Administrative action can be initiated before the Anti Commercial Fraud Department (ACFD) in Riyadh. The ACFD used to have a centralised complaint management system and a complaint could be filed with the ACFD headquarters in Riyadh against infringement occurring in any Saudi city; however, recently, the ACFD instructed complainants to file a separate complaint for each city. The ACFD requires evidence of infringement in the form of a sample of genuine and infringing products, purchase bills from outlets selling infringing products and the address of the location. The process includes submission of an online complaint along with evidence, study of the case by the ACFD, raids on outlets offering infringing products and destruction of the infringing products.

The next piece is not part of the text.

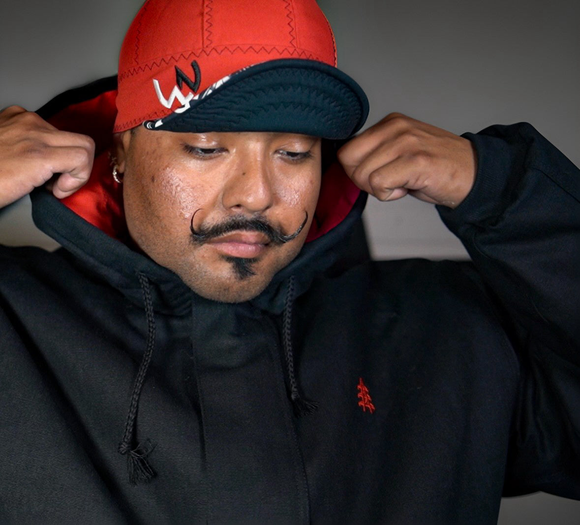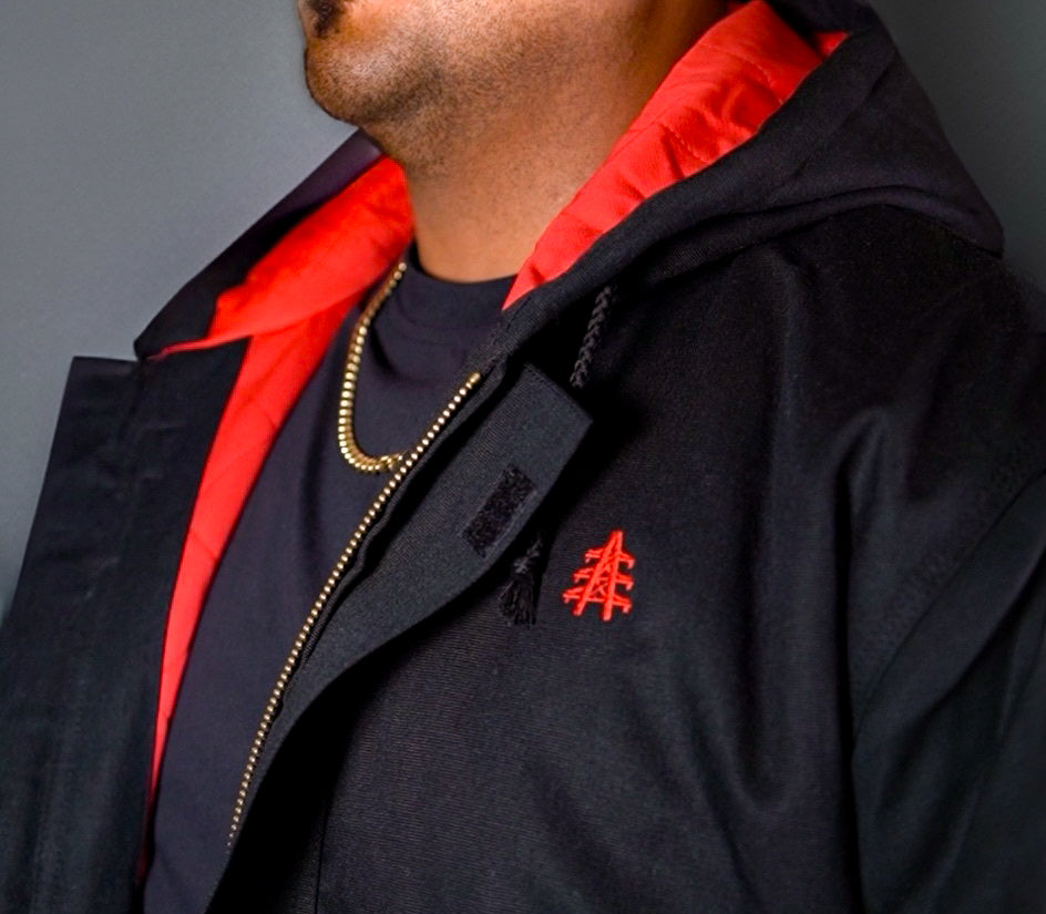 It's made from heavyweight cotton FR duck that's insulated for extra warmth, with a quilt-lined hood with red diamond stitching inside and four total pockets inside and out.

Although the ACFD operates under its own law (Anti Commercial Fraud Law), in some court judgments trademark infringement cases were dismissed and plaintiffs were advised to administrative procedure as a first resort. A court also stated in its (debatable) judgment that any trademark infringement case will be premature and not maintainable if, prior to filing an infringement action, administrative action was not taken by the trademark owners. Administrative procedures are usually speedy, and in cases of prima facie infringement, ACFD inspectors may conclude complaints within a two-month period.

Apart from administrative action, trademark infringement actions can also be filed with commercial courts in Saudi Arabia. In each type of action, registration of trademark is a precondition for success. Unregistered rights are not recognised in Saudi Arabia except in the case of well-known trademarks, in which case the plaintiff is under a heavy burden of proof.

Border control measures are considered an effective approach in Saudi Arabia. The customs authorities in Saudi Arabia have set up a procedure to record registered trademarks with customs for vigilance in all upcoming consignments of imports into Saudi Arabia. The customs authorities will stop, either on their own suspicion or by a request filed by a trademark owner, any suspected shipment, and will contact the registered trademark owner or its legal representative to confirm whether the suspected held products are genuine or counterfeit. The customs authorities are cooperative in this procedure and usually share pictures of suspected products very quickly and, where required, samples are also provided for the purpose of confirmation.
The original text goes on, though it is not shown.